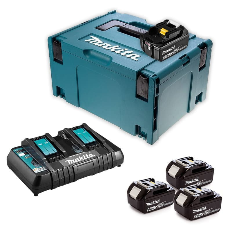 Makita 18 V Power Source Pack Énergie avec 2x Batteries 1,5 Ah + Chargeur DC 18 RC + Boîtier de Pack Makita MAKITA Pack 4 Batteries 18V 6Ah + Chargeur DC18RD + MakPac - 198091-4 Batterie Makita Pack 4 batteries BL1860B DC18RD Makpac MAKITA - 198091-4 Description du produit Pack 4 batteries 18 V Li-Ion 6 Ah avec chargeur double DC18RD et coffret MAK-PAC Pack 4 batteries 18 V Li-Ion 6 Ah avec chargeur double DC18RD et coffret MAK-PAC Le Pack 4 batteries 18 V Li-Ion 6 Ah avec chargeur double DC18RD et coffret MAK-PAC de Makita est une solution d'alimentation pour les outils électriques compatibles avec les batteries Makita de 18 V. Avantages pour l'utilisateur Pack énergie 18V Li-Ion (4x5,0 Ah) avec chargeur double dans MaKPac - MAKITA - NFD Distribution Les batteries sont équipées d'un circuit de protection qui protège contre la surcharge, la décharge excessive et la surchauffe, ce qui contribue à prolonger leur durée de vie et à assurer leur sécurité d'utilisation. Ce pack est idéal pour les professionnels et les bricoleurs qui utilisent fréquemment des outils Makita alimentés par des batteries de 18 V. Avec quatre batteries de haute capacité et un chargeur double, vous avez toujours une source d'énergie fiable à portée de main pour vos projets Avec quatre batteries de haute capacité et un chargeur double, vous avez toujours une source d'énergie fiable à portée de main pour vos projets. Il est également livré avec un chargeur double de type DC18RD, capable de charger deux batteries simultanément.
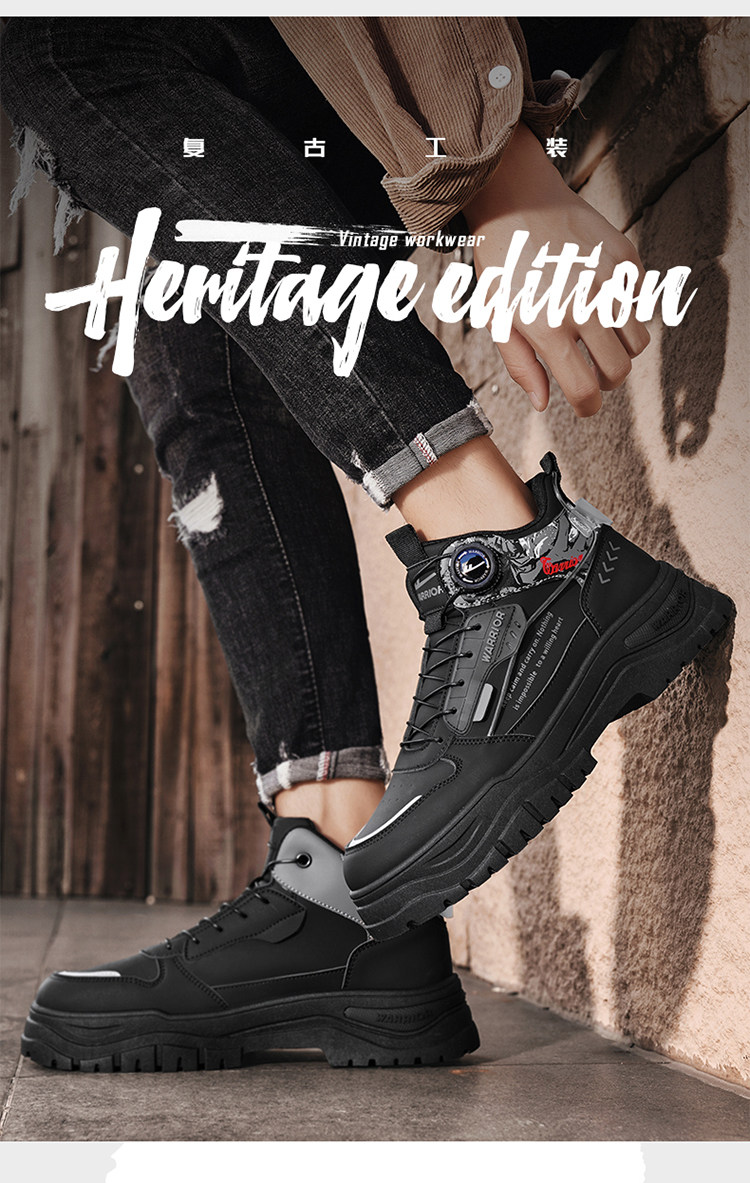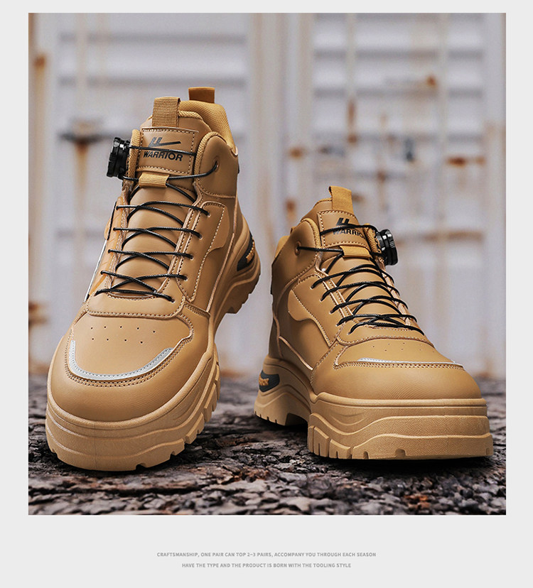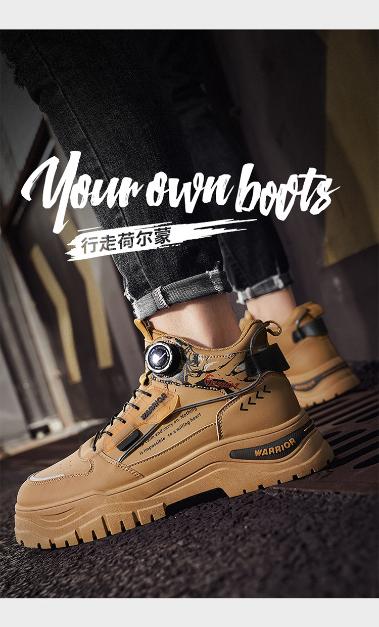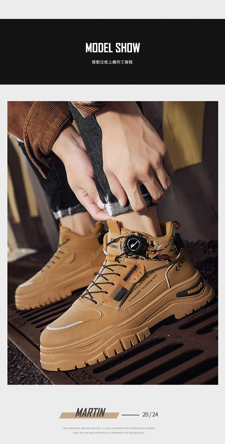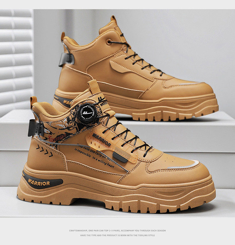 Pull-Back High-Top Men's Shoes 2025 Autumn and Winter Martin Boots Men's Fleece-Lined Casual Workwear Trendy Shoes with Rotating Buckle No Need to Tie Shoelaces
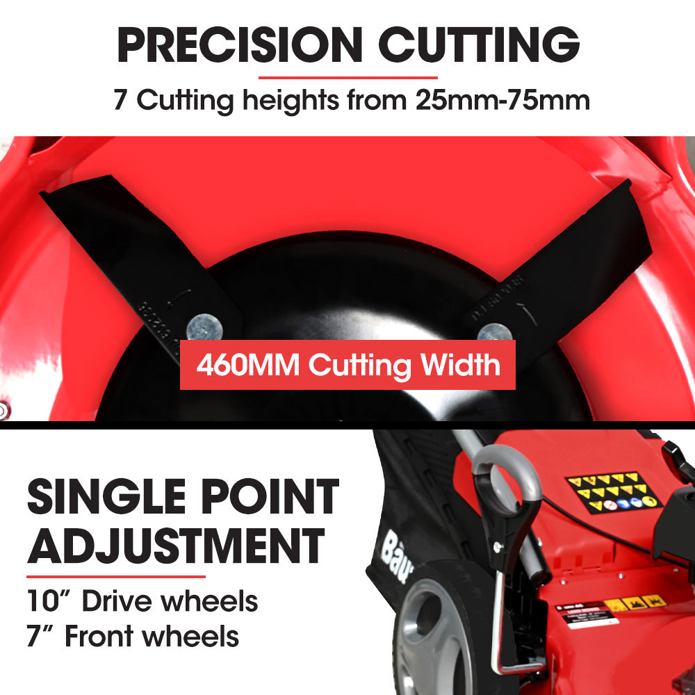 BAUMR-AG 18" 150cc Self Propelled Lawn Mower, 7 Height, Steel Deck, Cup Holders, 4-Stroke Petrol Lawnmower - 740SX
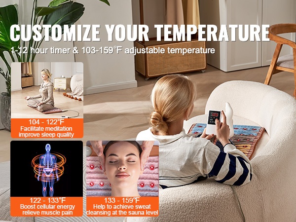 Älykkäällä ohjaimella voit säätää lämpötilan 103℉–159℉ -alueelle omien mieltymystesi mukaan. Ohjaimessa on muistitoiminto, joka muistaa edellisen asetuksesi, 0–12 tunnin ajastinasetus sekä automaattinen sammutus, joka auttaa ehkäisemään liiallista käyttöä ja varmistaa, ettei laite jää vahingossa päälle.
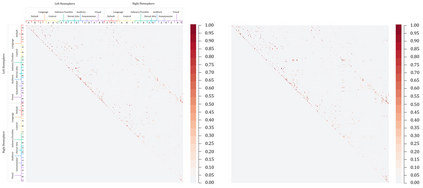 Motivated by the need to model the dependence between regions of interest in functional neuroconnectivity for efficient inference, we propose a new sampling-based Bayesian clustering approach for covariance structures of high-dimensional Gaussian outcomes. The key technique is based on a Dirichlet process that clusters covariance sub-matrices into independent groups of outcomes, thereby naturally inducing sparsity in the whole brain connectivity matrix. A new split-merge algorithm is employed to achieve convergence of the Markov chain that is shown empirically to recover both uniform and Dirichlet partitions with high accuracy. We investigate the empirical performance of the proposed method through extensive simulations. Finally, the proposed approach is used to group regions of interest into functionally independent groups in the Autism Brain Imaging Data Exchange participants with autism spectrum disorder and and co-occurring attention-deficit/hyperactivity disorder.
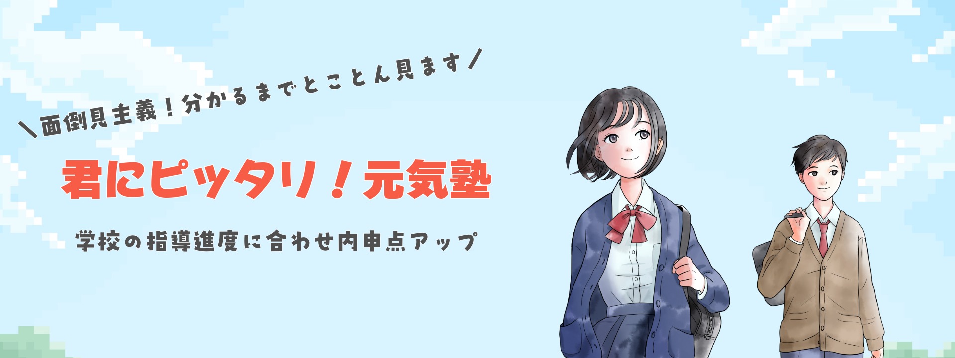 元気塾は岡崎市内で、小・中学生を対象とした地域密着型学習塾です。 『できるまでとことん指導』をモットーに、成績アップは間違いなし。
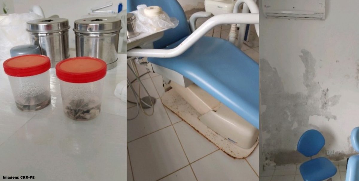 Durante fiscalização de rotina, a equipe do Conselho identificou a ausência de autoclave, que são equipamento indispensável para a esterilização de instrumentais, além de problemas estruturais significativos, como: paredes com mofo, infiltrações e áreas com reboco exposto, evidenciando, segundo o CRO-PE, condições inadequadas de funcionamento.
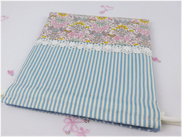 リバティ風小花生地とブルーストライプ生地の上品な2段切り替え、レースをあしらってオシャレに飾りました。
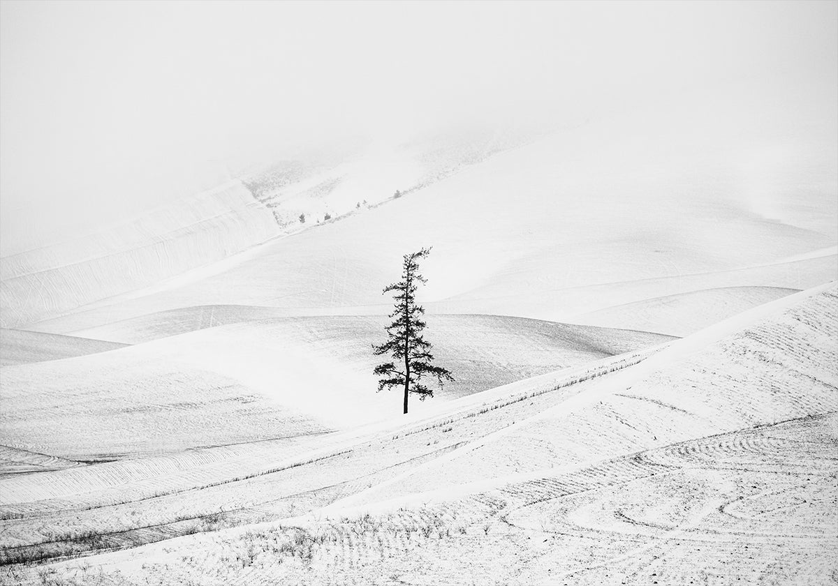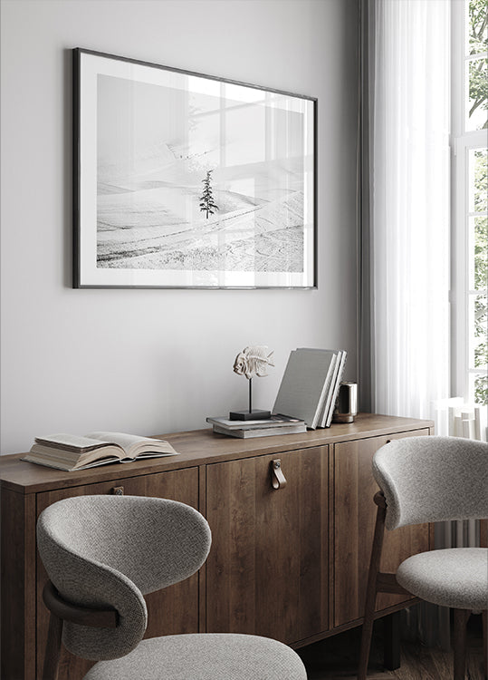 Eine poetische Winterlandschaft von Vlad Sadovsky: Der Nebel schwebt über sanften Hügeln, in denen eine einsame Tanne als stiller Mittelpunkt aufragt. Die monochrome, helle Atmosphäre betont die feinen Texturen des Frosts und sorgt für Ruhe, Besinnung und zeitlosen Minimalismus in Ihrem Raum. Perfekt für nordisches Dekor und ruhige, minimalistische Wände.
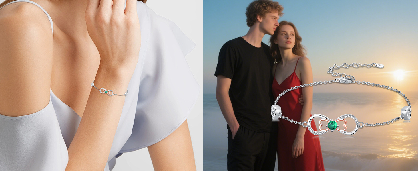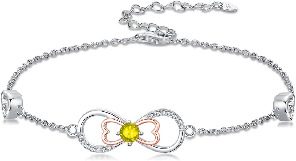 Unique Design: Infinity Birthstone Charm Link Bracelet,meaning eternal love encircled by birthstone light
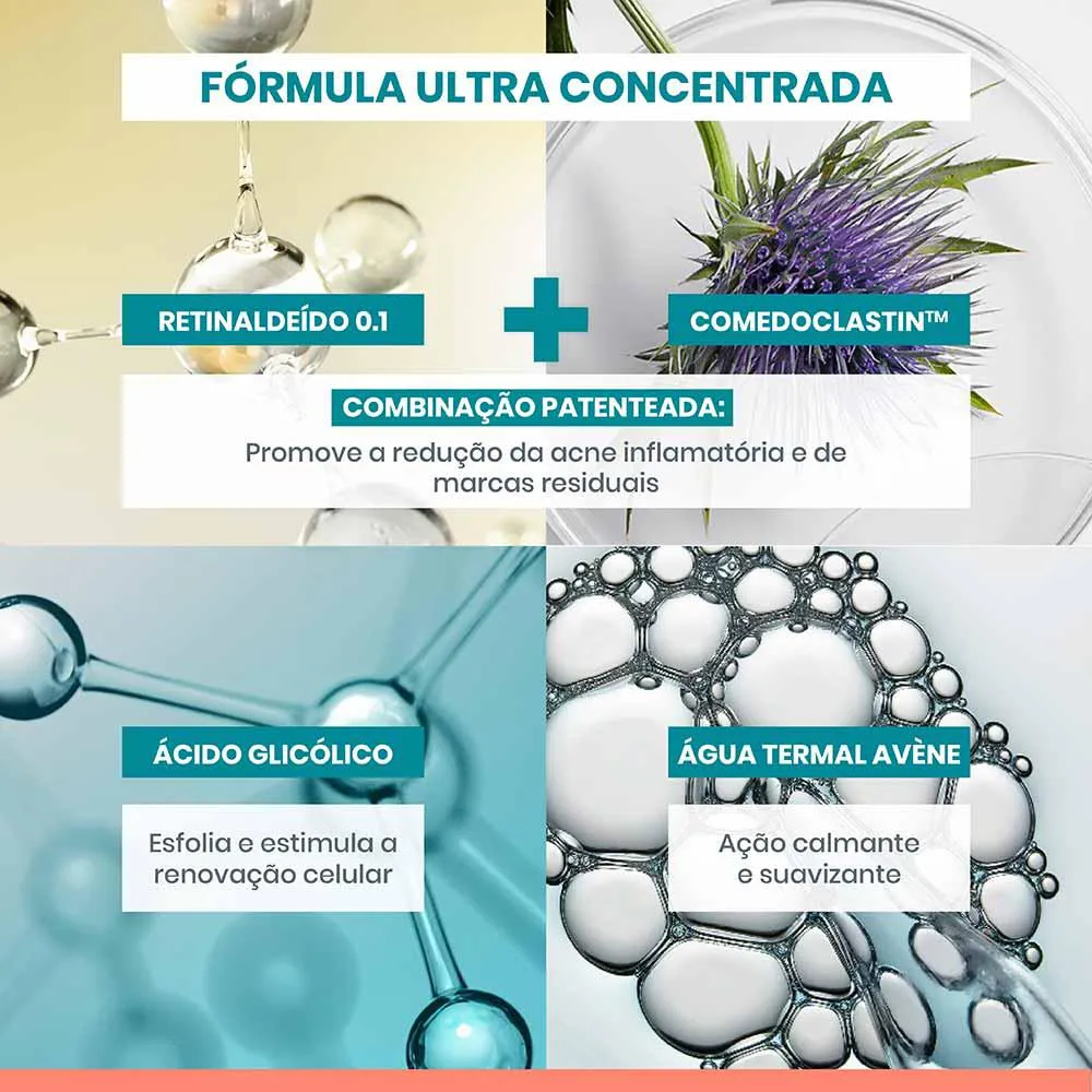 - Comedoclastin: Ativo patenteado com mais de 25 anos de pesquisa que interrompe o ciclo da acne.
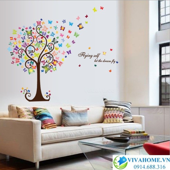 Decal dán tường cây sắc màu với màu sắc sống động mang lại vẻ lãng mạn nhưng không kém phần thanh tao cho ngôi nhà của bạn.
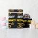 This wrapping paper design features a message like "FIRST-NAME’S 35th BIRTHDAY!", with the "35th" having a faux/imitation gold-like colour appearance, and with the name and "BIRTHDAY" in a fun, bold font. The name can be customised, and the background is coloured black. Wrapping paper like this could perhaps be used when wrapping birthday gifts being given to somebody in celebration of their thirty fifth birthday. [~Z0000203]
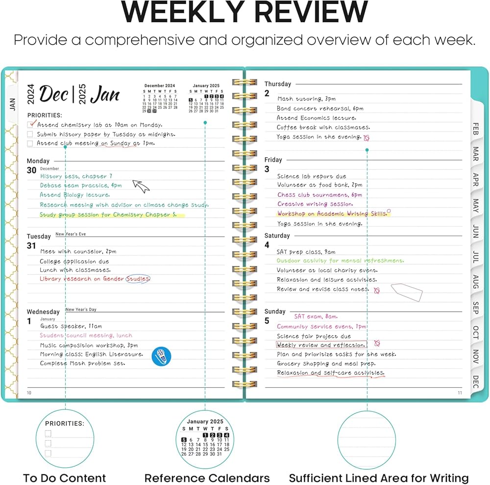 Versatile for All: Perfect for office worker, professionals, students, and homemakers alike, this planner meets the diverse needs of any busy individual. Use it to manage school assignments, work projects, family events, and personal goals – all in one convenient place.
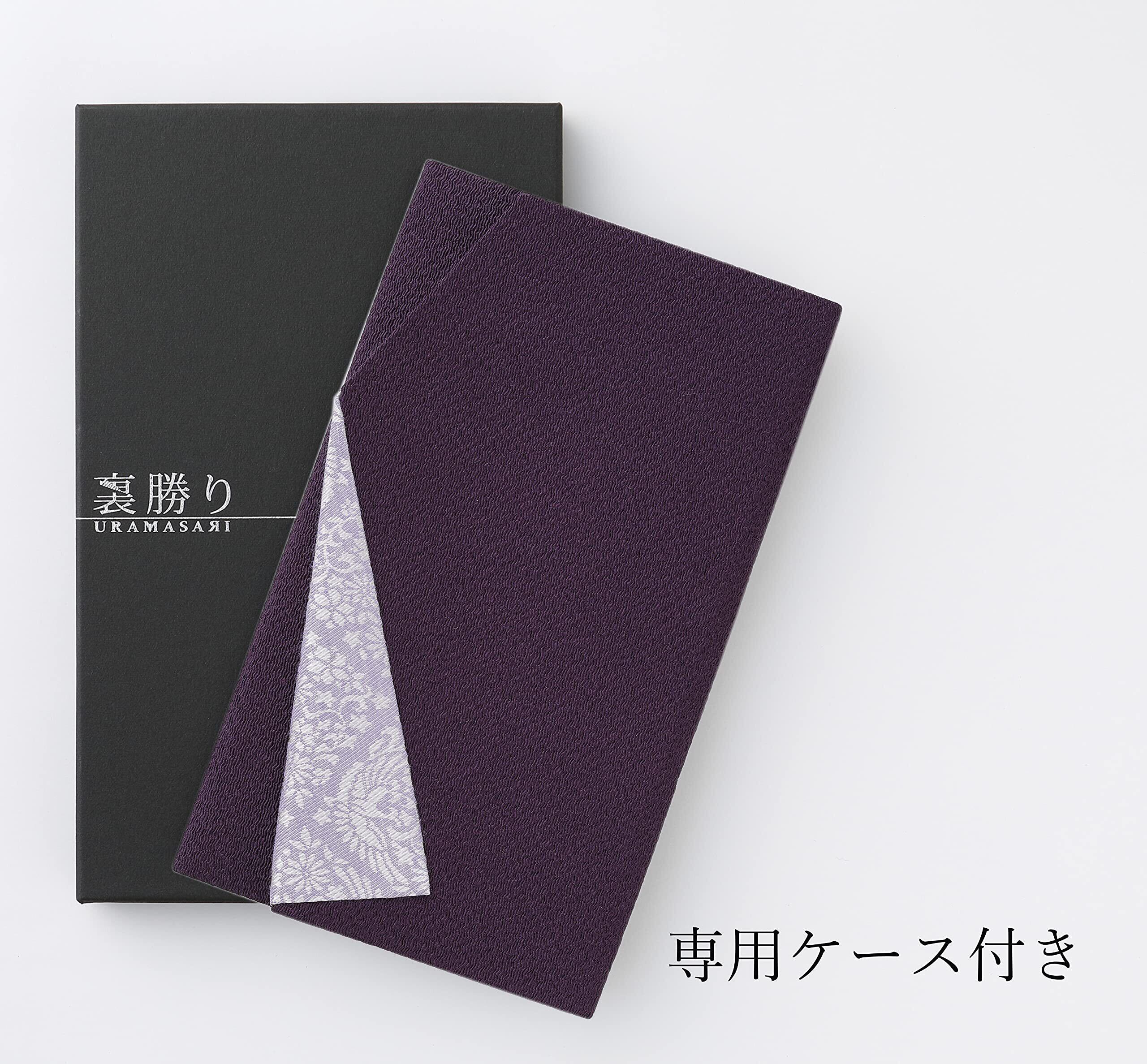 <男女両用 オリジナルカラー>「紺×花菱子葵」 「紫×鳳凰」の2カラー。当社だけのオリジナルカラーでご用意しています。 格調高く、おしゃれな色使いで、年齢、性別を問わず、慶弔どんな場面でもどなたにもお使い頂けます。<ポケットタイプで使いやすい> たたむタイプの袱紗とちがって、ポケットに差し込むだけ。スマートに出し入れできます。
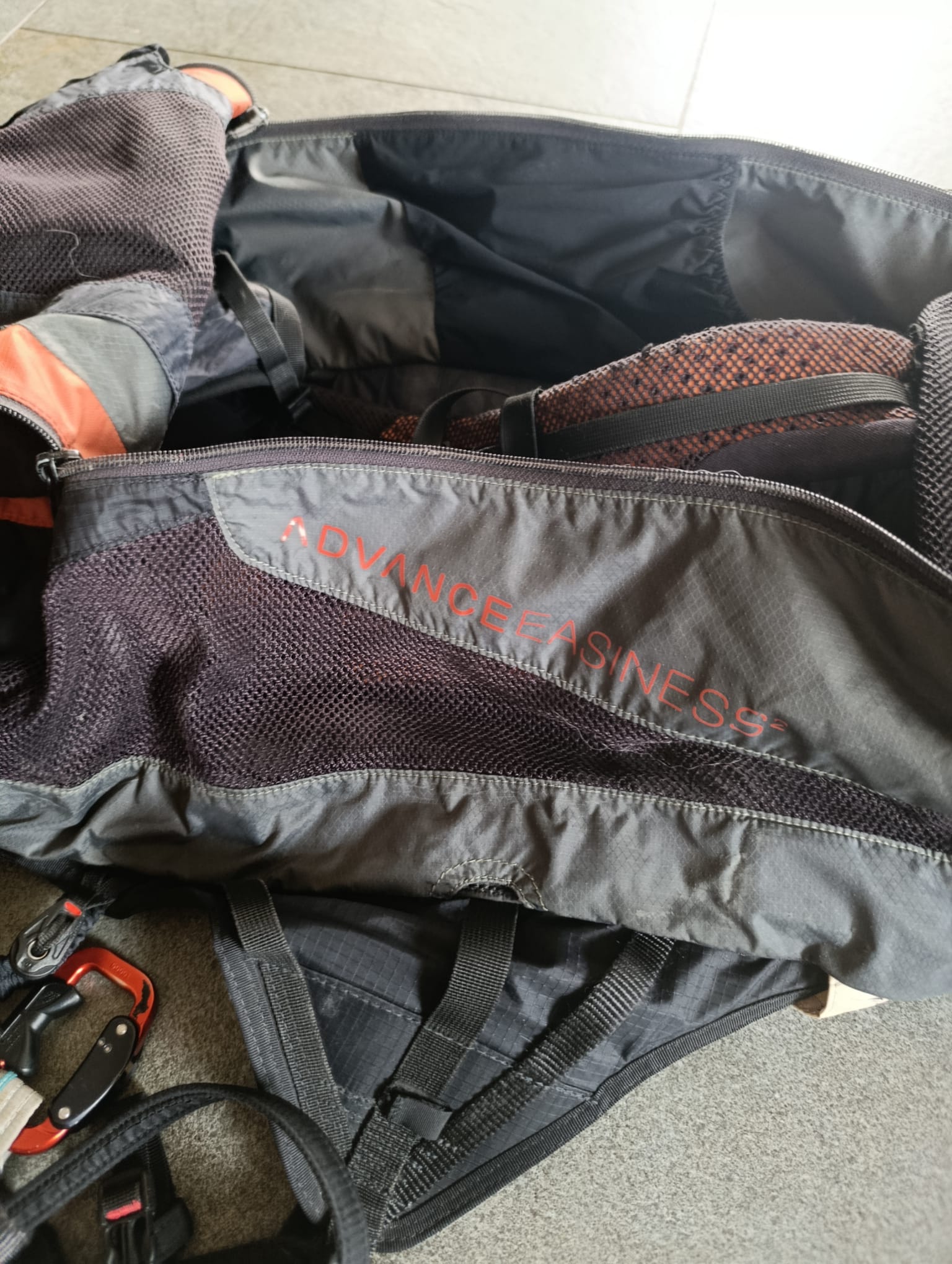Advance Easiness 2 – No airbag and the reserve mounts are broken. Could be a good hike and fly harness after check. Only usuabe with front mounted

· · · ·

▸ EXERCISE
With pictures excluded, copy exactly the lines from the line containing "Unique Design: Infinity" through the last line of the listing above, both ends included.

▸ ANSWER TO THE PROBLEM
 Unique Design: Infinity Birthstone Charm Link Bracelet,meaning eternal love encircled by birthstone light
 - Comedoclastin: Ativo patenteado com mais de 25 anos de pesquisa que interrompe o ciclo da acne.
 Decal dán tường cây sắc màu với màu sắc sống động mang lại vẻ lãng mạn nhưng không kém phần thanh tao cho ngôi nhà của bạn.
 This wrapping paper design features a message like "FIRST-NAME’S 35th BIRTHDAY!", with the "35th" having a faux/imitation gold-like colour appearance, and with the name and "BIRTHDAY" in a fun, bold font. The name can be customised, and the background is coloured black. Wrapping paper like this could perhaps be used when wrapping birthday gifts being given to somebody in celebration of their thirty fifth birthday. [~Z0000203]
 Versatile for All: Perfect for office worker, professionals, students, and homemakers alike, this planner meets the diverse needs of any busy individual. Use it to manage school assignments, work projects, family events, and personal goals – all in one convenient place.
 <男女両用 オリジナルカラー>「紺×花菱子葵」 「紫×鳳凰」の2カラー。当社だけのオリジナルカラーでご用意しています。 格調高く、おしゃれな色使いで、年齢、性別を問わず、慶弔どんな場面でもどなたにもお使い頂けます。<ポケットタイプで使いやすい> たたむタイプの袱紗とちがって、ポケットに差し込むだけ。スマートに出し入れできます。
Advance Easiness 2 – No airbag and the reserve mounts are broken. Could be a good hike and fly harness after check. Only usuabe with front mounted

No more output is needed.